Open nick-youngblut opened 4 years ago
Thank you for the suggestion. I've updated StrainPro to version v0.9.4. It will read the env variable (StrainPro_DIR=/path/StrainPro/bin) to find all StrainPro's tools. And I also change -dump to specify the taxonomy path (-dump /TaxonomyPath). Please let me know if there are any problems while running StrainPro. Thank you!
Thanks! I just tested both feature updates and they both work.
Just curious: why use StrainPro_DIR
for setting the path to the executables? Most users will likely add /their/path/to/StrainPro/bin/
to their PATH
, so StrainPro_DIR
would be redundant.
@nick-youngblut It's more convenient to have a variable indicating the path of StrainPro. If I only parse $PATH, I couldn't be sure users will use StrainPro as the directory name. In that case, StrainPro will not be able to locate the executable's path.
If I only parse $PATH, I couldn't be sure users will use StrainPro as the directory name
Why would you need to parse $PATH? Why not just see if StrainPro-rep
is in the PATH? For python this simply involves:
from distutils.spawn import find_executable
if find_executable('cat') is None:
raise OSError('"cat" executable is not in your PATH')
With v0.9.4
I'm getting the following error when running StrainPro-build
with -dump
:
Load taxonomy information.
Error! File: ./bin/scripts/taxonomy/nodes.dmp is not accesible
I'm using the directory path to the taxdump files, which is not ./bin/scripts/taxonomy/
I'll study how to find the path of a program in C/C++. In the latest version of StrainPro, "-dump" is followed by a dump file path. For example, run StrainPro with "-dump ./taxonomy", then StrainPro will look for nodes.dmp and merged.dmp in the folder of ./taxonomy. However, if you don't specify the path, it will look for the StrainPro_Root_Dir/taxonomy as default.
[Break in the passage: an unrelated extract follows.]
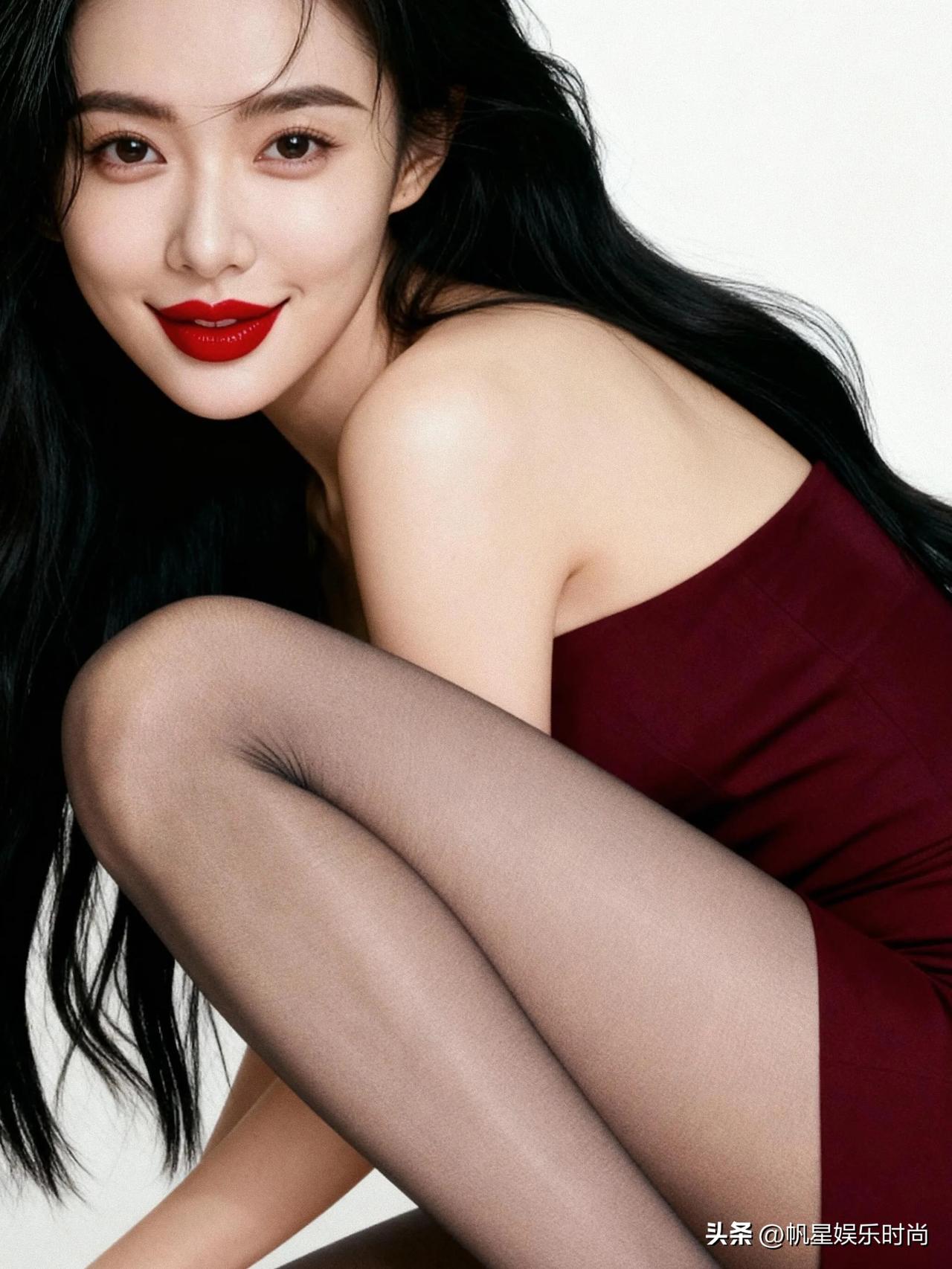 这身酒红色抹胸连体衣,完美融合了性感与优雅,其抹胸设计巧妙凸显出迷人的肩颈线条。搭配上黑色丝袜,更添一份朦胧的魅惑之感。脚下的黑色尖头高跟鞋,有效拉长了腿部线条。 整体造型简约却不失时尚张力,在浅灰背景的映衬下,将成熟妩媚的风格展现得酣畅淋漓。每一处搭配都精准把握了精致感与氛围感,打造出极具视觉冲击力的时尚造型。

For example, if your StrainPro is installed in /path/StrainPro, then the dmp file path will be /path/StrainPro/taxonomy.
if you don't specify the path, it will look for the StrainPro_Root_Dir/taxonomy as default.
but I did provide the path via -dump /path/to/the/taxdump/
. Is there a problem with using an absolute path?
I'll study how to find the path of a program in C/C++
The downside of using C/C++
: everything is harder than with python or R. One option would be to use whereami
@hsinnan75 I just wanted to ping you about the -dump /path/to/the/taxdump/
issue, as explained above. Any progress on fixing that issue?
Sorry, I forgot to fix this issue. I'll do it asap and let you know.
Hi, I just found a bug. I forgot to include "-dump
Thanks for the fix! That worked, but now striainpro-map stalls when I run it. Here's the command:
DUMPDIR=`/path/to/by/custom/taxdump/`
DBDIR=`/path/to/db/created/by/strainpro-build`
export StrainPro_DIR=`dirname ./bin/scripts/StrainPro/StrainPro-map`
./bin/scripts/StrainPro/StrainPro-map -t 8 -dump $DUMPDIR -i $DBDIR -o output.txt -f /path/to/read/file/file.fq.gz
I get the following messages within a few seconds, and then strainpro-map just stalls:
Load taxonomy information.
Load BWT index: /path/to/StrainPro/ref_idx/0 (1/2)
2000000 reads have been processed (1.20% mapped) in 6 seconds
Load BWT index: /path/to/StrainPro/ref_idx/1 (2/2)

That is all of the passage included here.